ERIC Number: ED243748
Record Type: RIE
Publication Date: 1984-Apr
Reference Count: 0
The Character of Inquiry in Curriculum.
Dillon, J. T.
An analysis of curriculum journals indicates that curriculum inquiry is not a simple matter. It is characterized by raising problems, addressing each problem by a variety of methods, and proposing for each method a variety of kinds of solutions. Curriculum inquiry follows a "Musketeer Model": all for one and one for all. The predominant form of curriculum inquiry is a stated purpose to accomplish, the content is a concern about the commonplaces of curriculum, and the process entails first-order knowledge describing the properties of some phenomenon.
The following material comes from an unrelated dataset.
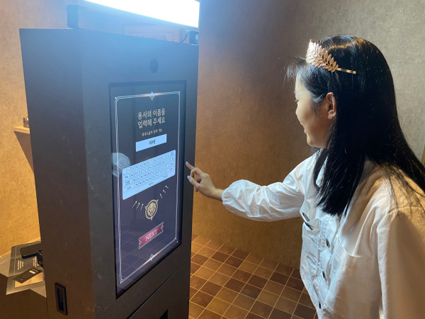 다양한 게임을 마치면 왕관과 코트가 준비된 포토존이 있다. 왕관은 여성용과 남성용으로 준비돼 있다. 사진을 찍고, 출력해 가져갈 수 있다.
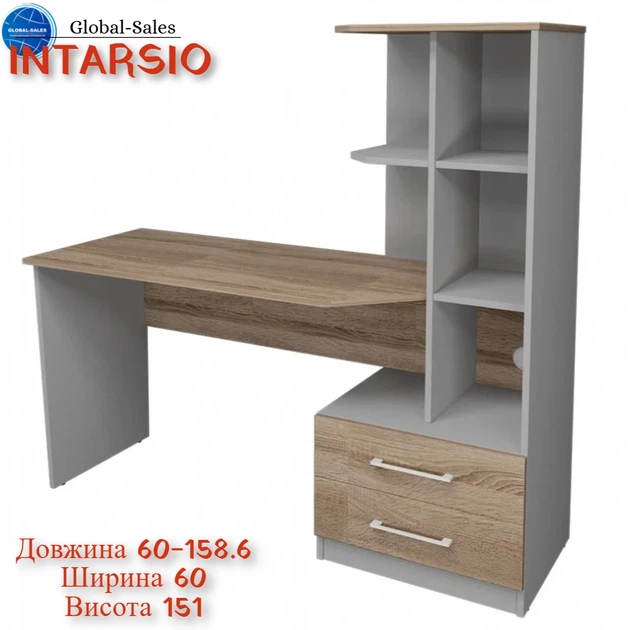 DEXTER L стіл листовий 1586*1515 сірий уніколор/дуб сонома трюфель

The predominant method of curriculum inquiry is conceptual, especially opinion, analysis, and argument. The predominant kind of solution in curriculum inquiry is national, that is, providing a way of thinking as a solution to the problem. Curriculum inquiry is characterized by a topical flow type of inquiry, rather than a schematic structure. Efforts to define curriculum inquiry yield a definition of what curriculum inquiry is not, more clearly than what curriculum inquiry is. (LP)
Publication Type: Reports - Research; Speeches/Meeting Papers
Education Level: N/A
Authoring Institution: N/A
Note: Paper presented at the Annual Meeting of the American Educational Research Association (New Orleans, LA, April 23-27, 1984).